Зачем Блок напечатал эту книгу: верно, не мог не напечатать, а этим он подписал свой собственный приговор: отныне его больше нет.

Сергей Бобров [127] . Рецензия на «Седое утро»

На заседаниях – у каждого было уже какое-то свое, привычное, место. И вот стул Блока – с краю, у самого окна, стоял теперь пустым: Блок болен. Еще зимой – с месяц стоял пустым этот стул. Но, отлежав месяц, Блок вернулся, как будто все таким же. Да и что особенного: острый ревматизм от промерзлых домов – у кого этого теперь нет в Петербурге? Никто не думал, что этим не особенным, обыкновенным – уже исчислены удары его сердца. И неожиданно было, когда узнали: это серьезно, и спасти его можно только одним – тотчас же увезти в санаторию за границу.
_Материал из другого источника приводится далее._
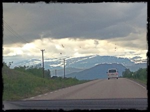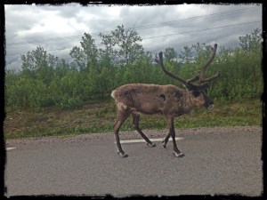 Vi flög upp till Kiruna och gjorde första stoppet i Abisko, Lappland. Från flygplatsen tog det ca 1,5 timme, ganska dåliga vägar. På vägen såg vi en ren, det första vi gjorde! Väldigt exotiskt och välkomnande. Vi bodde på Abisko Mountain Lodge, såg inte mycket ut för världen men rummen var fina iallafall. Dock så stängde restaurangen väldigt tidigt, kl 20.30, så vi fick hasta i oss en fisksoppa och ett glas vin. Stället kryllade av hurtbullar, jag var nog den enda med ”vanliga” kläder som jeans och en kofta, alla andra hade friluftskläder på sig… Tur jag har med mig lite annat, så jag kan smälta in.
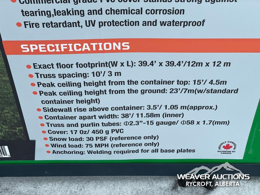 Lot 666 TMG 40 X 40 FT. DUAL TRUSS CONTAINER SHELTER
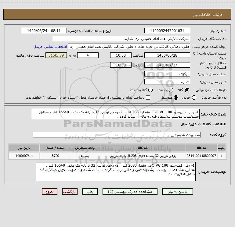 شرح کلی نیاز: 1-روغن کمپرسور ISO VG 100 مقدار 2080 لیتر 2- روغن توربین 32 با پایه یک مقدار 16640 لیتر ، مطابق مشخصات پیوست پیشنهاد فنی و مالی ارسال گردد .
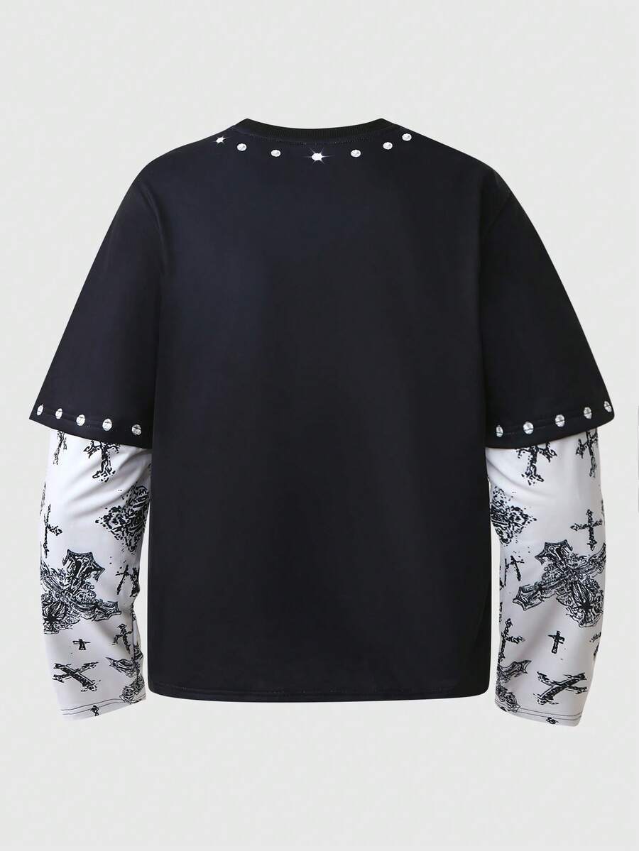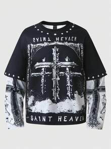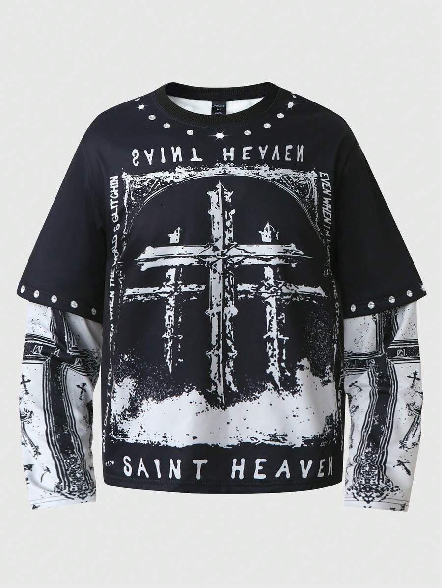 Camiseta de cuello redondo para hombre 2 en 1 con cuello redondo, manga larga, sudadera con estampado de cruz y fe, adecuada para uso casual diario
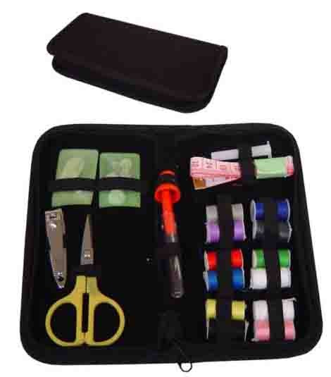Kit costura com estojo de nylon revestido internamente com veludo. Possui saquinho plástico com dois alfinetes e ganchinho, saquinho plástico com seis botões, cortador de unha, tesoura, dedal, passador de linha, porta agulhas com quatrounidades, fita métrica 1,50m e doze rolinhos de linha.

Никто из нас не видал его за эти три месяца его болезни: ему мешали люди, мешали даже привычные вещи, он ни с кем не хотел говорить – хотел быть один. И никак не мог оторваться от ненавистной и любимой России; не хотел согласиться на отъезд в финляндскую санаторию, пока не понял: остаться здесь для него – умереть. Но и тут не хотел ни за что подписывать никаких прошений и бумаг. Письма в Москву о разрешении Блоку выезда за границу были написаны (в июне) Правлением Союза Писателей.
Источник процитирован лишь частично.